*THE TASK*:
With the pictures excluded, output only the lines from the one containing "3 Users can" through the last line of the entries, unchanged.

*AVAILABLE RECORDS*:

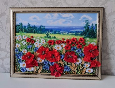 Картина вишита атласними стрічками, бісером і вишивальними нитками на якісному принті. Хто бажає оновити інтер′єр своєї квартири чи подарувати друзям на новосілля, ювілей, будь ласка, ось вам оригінальний подарунок!!!
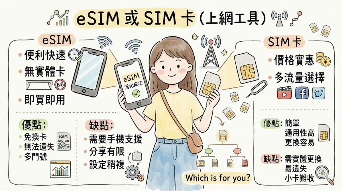 - 實體 SIM 卡: 價格親民、隨插即用、相容性最高,但要注意原台灣 SIM 卡的存放。
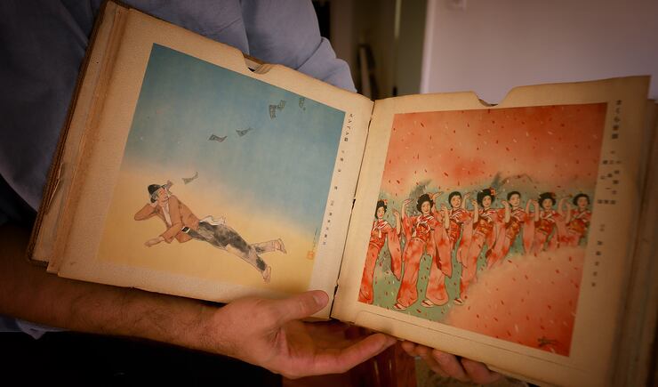 Frank walks me to a back room, where shoulder-high cabinets are packed with what appeared to be old photo albums. Instead of photos, every volume contained tattered paper sleeves with 78s inside, a type of record that hasn’t been produced since the late ’50s.
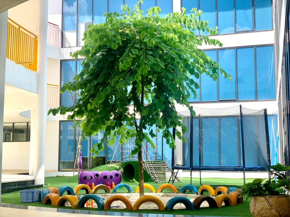 Trường có sân chơi, sân bóng....với diện tích rộng rãi.
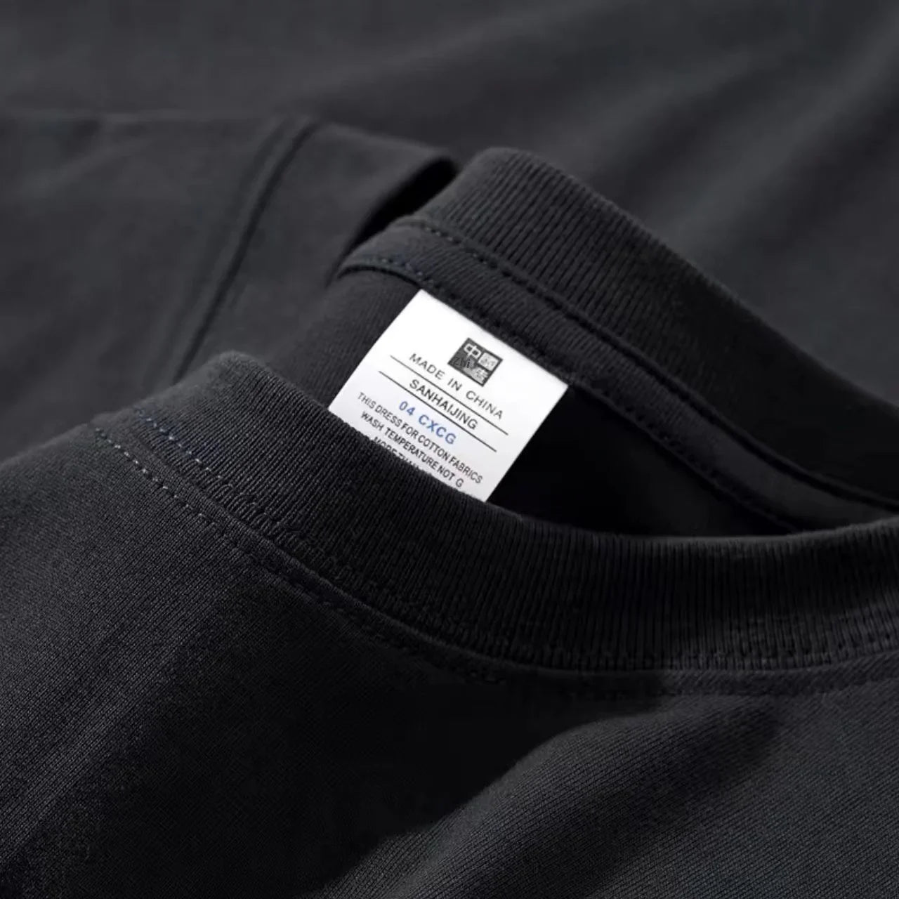 Close-up of a black cotton t-shirt neck with a white label showing washing instructions and made in China tag
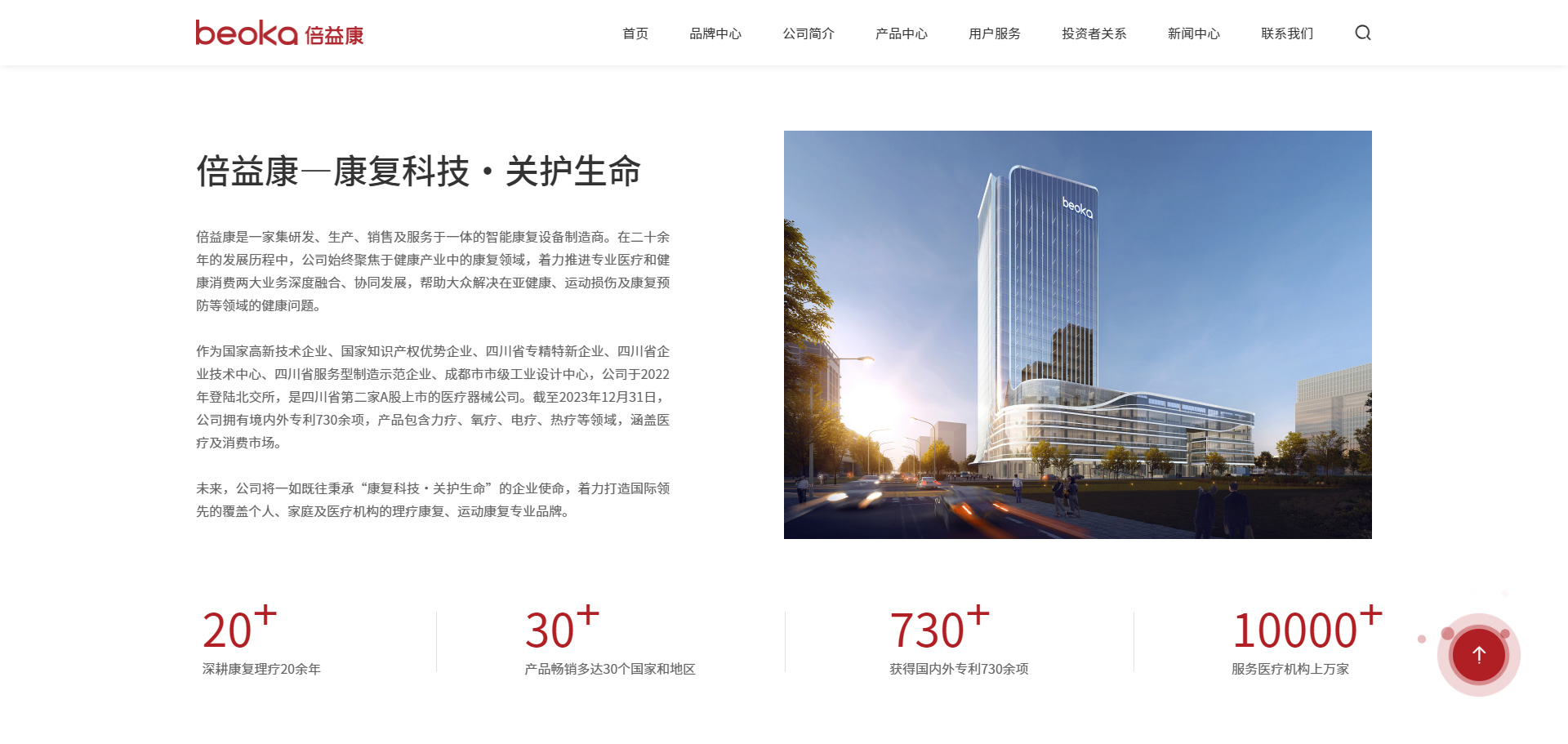 倍益康是一家集研发、生产、销售及服务于一体的智能康复设备制造商。在二十余年的发展历程中,公司始终聚焦于健康产业中的康复领域,着力推进专业医疗和健康消费两大业务深度融合、协同发展,帮助大众解决在亚健康、运动损伤及康复预防等领域的健康问题。
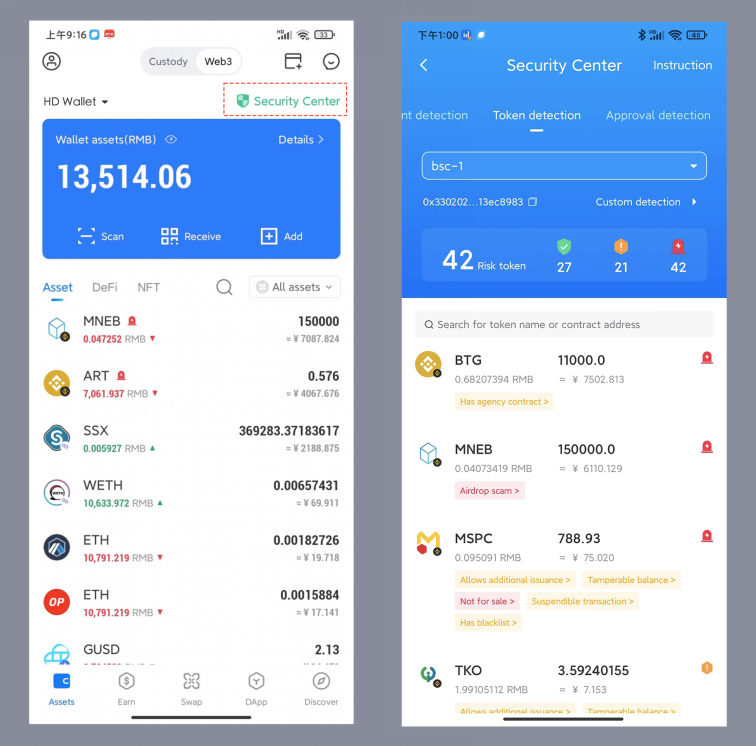 3 Users can also click Security Center on the Asset homepage, select the token detection tab, and after entering, the security detection on the current wallet token will be performed automatically.
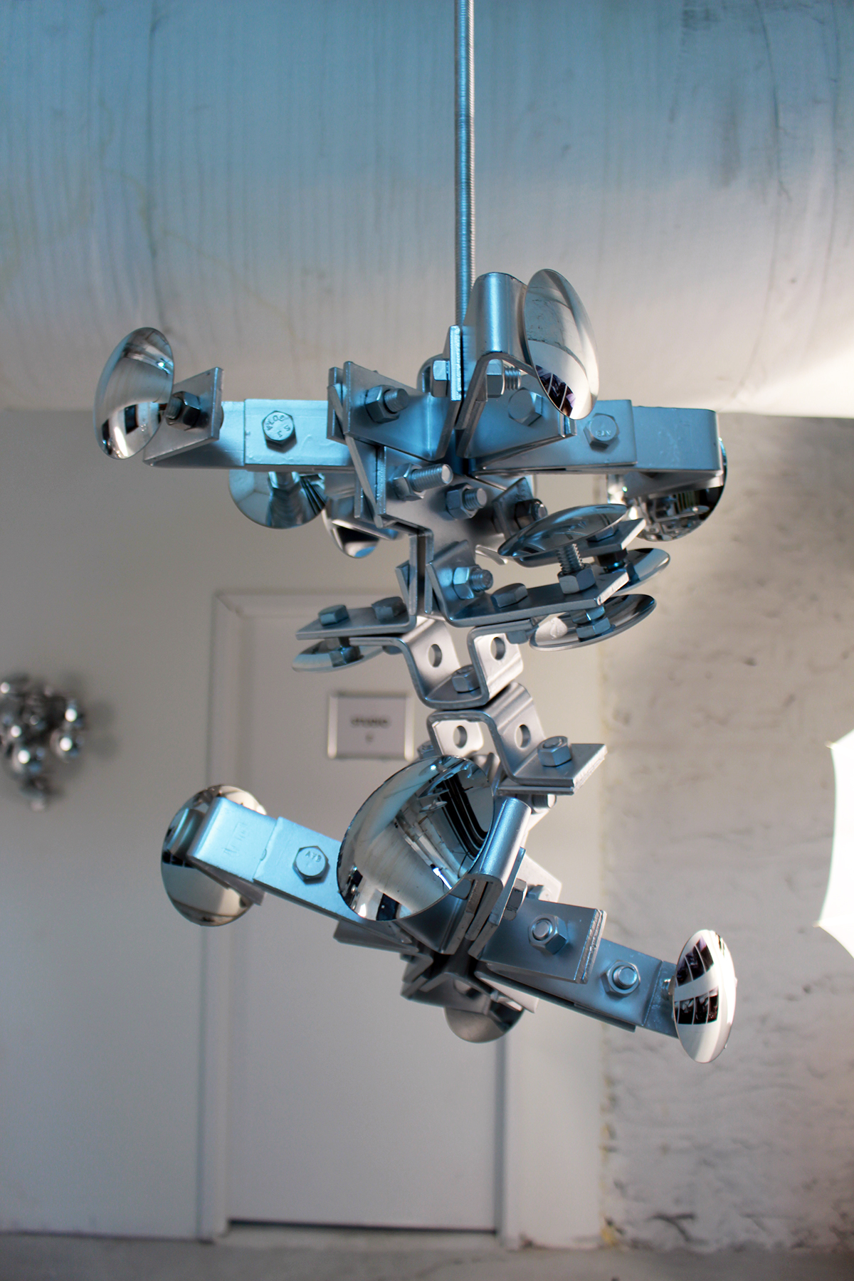 Measure of Dispersion (2014-ongoing) is a series of sculptural installations that aim to amplify and manipulate the spectator’s field of vision. Made from concave and convex mirrors of many sizes that Prado attaches to industrial metal structures, the sculptures create something akin to an anti-camera that reconfigures the viewer’s vantage point and amplifies notions of (dis)location.

*RESPONSE TO THIS EXERCISE*:
 3 Users can also click Security Center on the Asset homepage, select the token detection tab, and after entering, the security detection on the current wallet token will be performed automatically.
 Measure of Dispersion (2014-ongoing) is a series of sculptural installations that aim to amplify and manipulate the spectator’s field of vision. Made from concave and convex mirrors of many sizes that Prado attaches to industrial metal structures, the sculptures create something akin to an anti-camera that reconfigures the viewer’s vantage point and amplifies notions of (dis)location.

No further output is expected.